* **WHAT IS REQUIRED**: From the first line of the data down to and including the line with "Pair it with", copy everything exactly, leaving out pictures.

* **INPUT MATERIAL**:
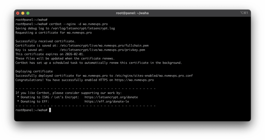root@panel:~/waha# certbot --nginx -d wa.nvmevps.pro
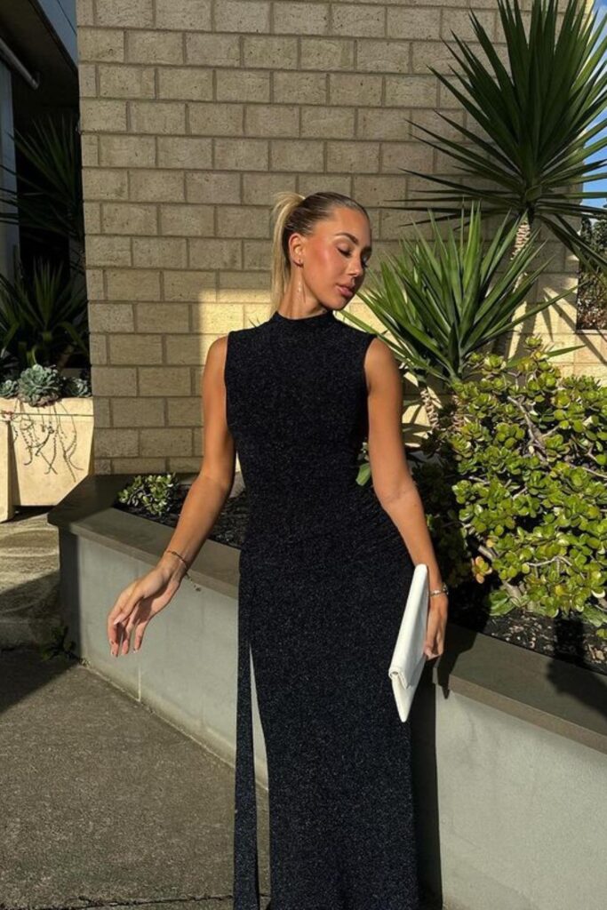 Pair it with a small, patterned clutch to inject a touch of personality. Minimal accessories and sleek hairstyles enhance the dress’s contemporary vibe.
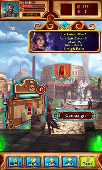 Collect cards with different heroes and mystical creatures. Explore dangerous lands and mysterious dungeons. Battle your enemies. Explore the wonderful world of this Android game full of secrets, mysteries, powerful magic and incredible mechanisms. Complete various tasks and get new cards with unique heroes into your deck. Upgrade and combine cards to make them stronger. Loot chests with rare cards and create an unbeatable decks. Come out to the arena and test your cards in battles with other players.
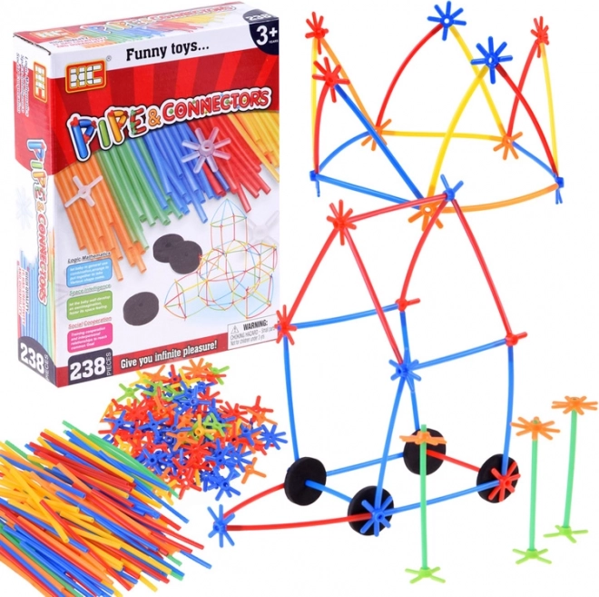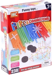 Ontdek eindeloze bouwmogelijkheden met deze set van buisjes en koppelingen met 238 delen. Dankzij de flexibele kunststof rietjes, meerarmige connectoren en foam wieltjes bouwen kinderen eenvoudig 3D-constructies, geometrische vormen, huizen of raketten. Dit creatieve spel stimuleert fijne motoriek, logisch denken en fantasie en houdt kinderen urenlang bezig.
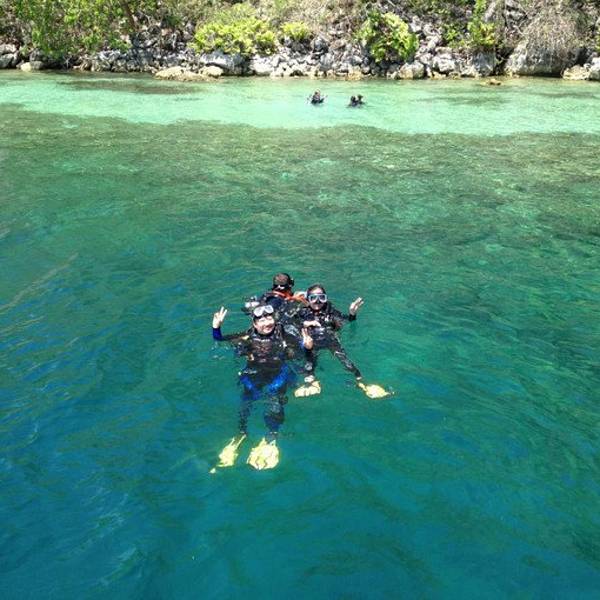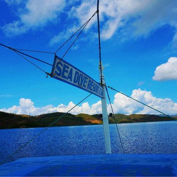 今天的主要项目就是LUSONG GUNBOAT-----沉船探秘。 船家包餐,潜水2500P/人,不潜水的就是550P/人 距离科隆镇一个小时左右的路程 今天8点钟就到了sea dive集合,然后就给我们播放潜水教学片,居然还有中文字幕,学习了大概有半个多小时的样子,让从未潜水过的人会有一个基础大概的了解。 一路上仍然是风光无限好!抵达潜水的地方,风景很美今天的潜水教练有个帅哥,名叫Vicent,笑起来很迷人,还有点小害羞,还担当我们的大厨,顿时化身为小迷妹。下水后,教练会带我们熟悉下周围环境,然后在海里教大家换气,耳压平衡、面镜进水等基本潜水操作,大约有20分钟的样子,这点很值得夸奖,比我们前几次的深潜都专业很多!今天的沉船探秘说实话有点失望,不知道是不是因为今天海水不够清,还是我们的这个潜点一般,没有以前看别人攻略里面的漂亮。舰体上长满了珊瑚,有些鱼,没想象中好看。感觉下潜不是很深,因为比我薄荷岛那次的好太多,那次耳压超级难受,很痛,这次没有太大反应,下潜深度显示11米。潜水回来,Vicent开始给我们准备午餐,做饭的男人很性感,有木有?
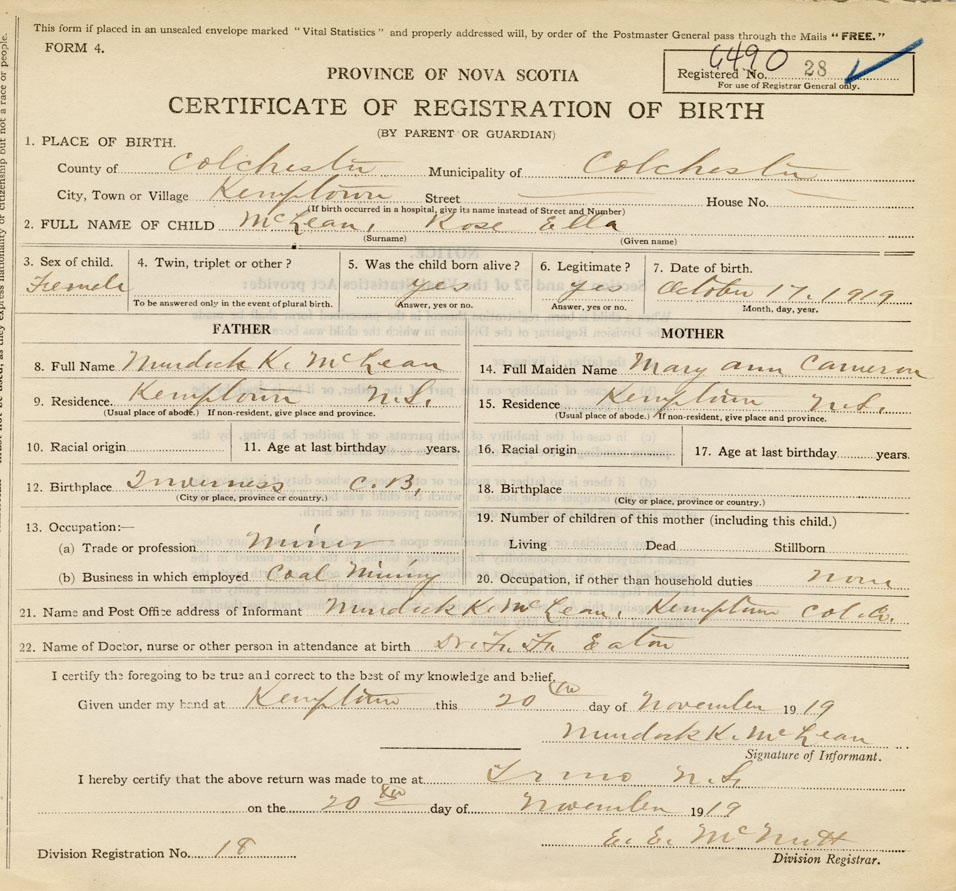 21. Name and Post Office address of Informant Murdock K. McLean Kemptown, Colchester Co., NS

* **FINISHED EXERCISE**:
root@panel:~/waha# certbot --nginx -d wa.nvmevps.pro
 Pair it with a small, patterned clutch to inject a touch of personality. Minimal accessories and sleek hairstyles enhance the dress’s contemporary vibe.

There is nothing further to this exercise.